We ordered districts across all countries according to their estimated coverage of access to improved water, improved sanitation, and improved watsan (S1 Appendix only), and then targeted them from worst to best coverage. District-level coverage was derived from previously modeled estimates of access to improved water and improved sanitation [14].

Measuring public health impact and costs

We estimated the public health impact of conducting OCV campaigns from 2018 to 2030 as the number of cholera cases, deaths, and disability-adjusted life years (DALYs) averted over the period from 2018 to 2030 (see S1 Appendix).

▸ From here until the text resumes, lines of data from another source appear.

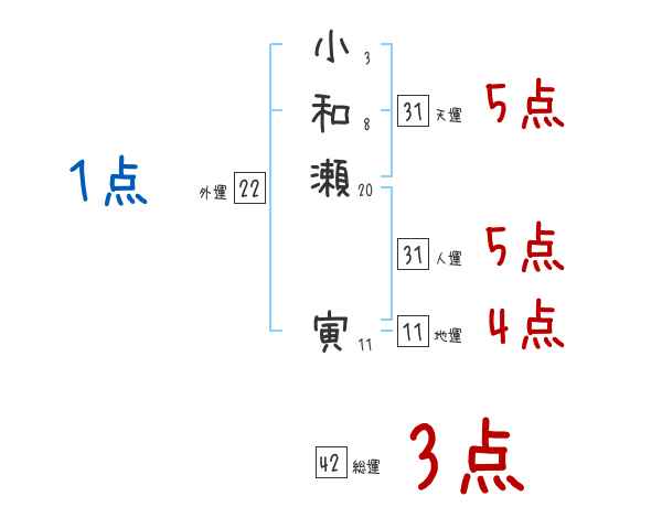総運![]() | 小和瀬寅さんの総運は42画の3つ星!病気に注意。多芸であるが消極的でおとなしい。 あなたの人生を表す1番重要な運勢です。生涯を通じて影響する総合運となり、主に50歳以降の晩年期に影響を及ぼします。 |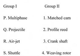 Match the looms listed in Group I with the corresponding components given in Group II. The correct option is
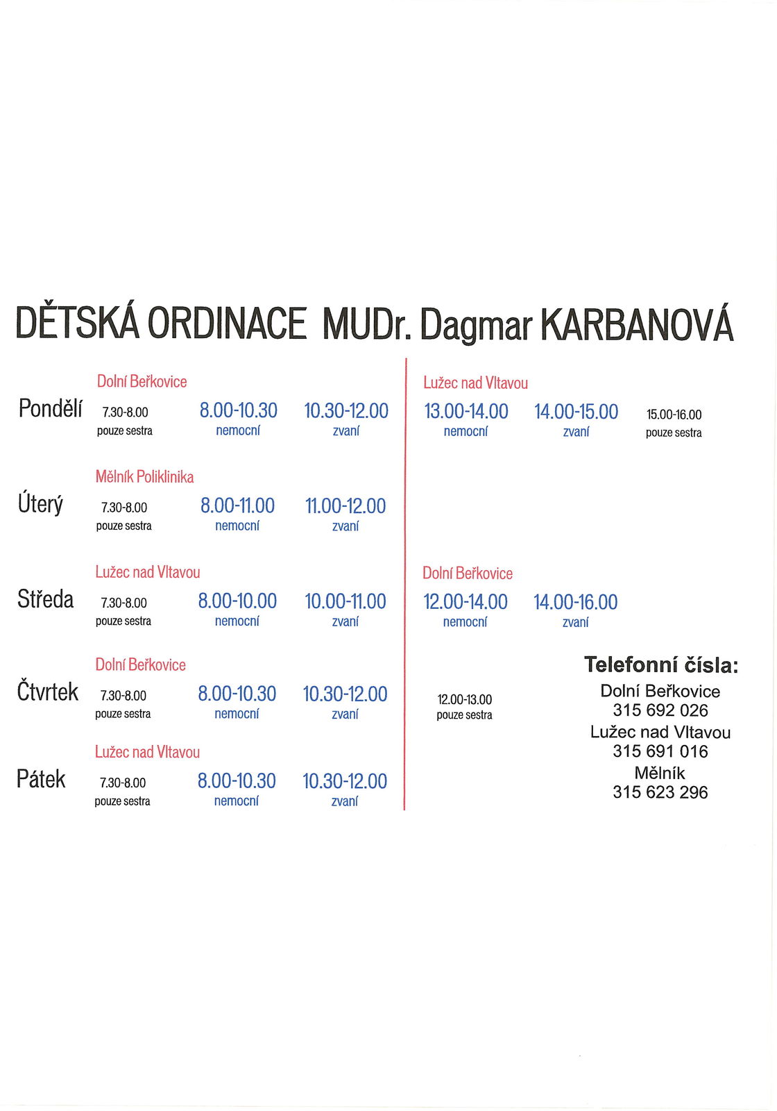 Od 1. května 2019 nebude MUDr. Dagmar Karbanová ordinovat v Cítově a v Horních Počaplech. MUDr. Dagmar Karbanová bude ordinovat v Dolních Beřkovicích a v Lužci nad Vltavou. Zdravotní karty z Cítova a Horních Počapel budou v ordinaci Dolní Beřkovice. V Dolních Beřkovicích přijímáme nové pacienty i novorozence ze všech okolních obcích. Rozšiřujeme ordinační hodiny, nově bude i odpolední ordinace v Dolních Beřkovicích. Dětská ordinace není společná s dospělými pacienty, je to pouze pro dětské pacienty.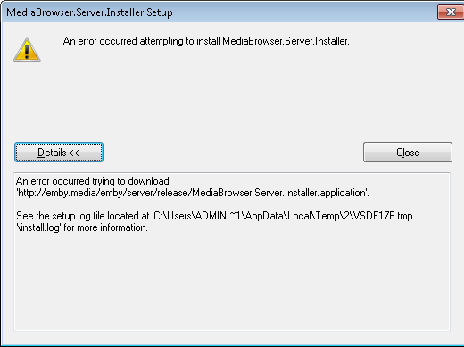 apriliaedd 0 Posted September 20, 2016 Posted September 20, 2016 (edited) Hi I'm trying to install emby server on my WHS 2011 media server but when i ran the set up file it installed the .net framework then asked for a reboot. once the server rebooted nothing more happened. if i run the installer again i get an error the log file it refers to is install.log I've tried rebooting again and downloading the setup file again but it just keeps on giving the same error, internet access is working, ive disabled any downloads on the network and tried again but still the same error. any suggestions? Cheers Edd Edited September 20, 2016 by apriliaedd

We reviewed 4 cost surveys for mass OCV campaigns that reported the vaccine delivery and vaccine procurement costs per fully vaccinated person (i.e., receiving 2 vaccine doses) in non-refugee African settings [30-33] (Table B in S1 Appendix). One outlying data point with high vaccine purchase prices ($10 in 2009 US dollars [USD]) was excluded [33], as ongoing policy discussions suggest that future, preventive use of OCV in these settings will likely be available at lower prices. All costs were adjusted to 2017 USD according to the World Bank Consumer Price Index. The mean total cost per fully vaccinated person ($6.32), calculated as the sum of delivery and procurement costs, was used to calculate vaccination campaign costs.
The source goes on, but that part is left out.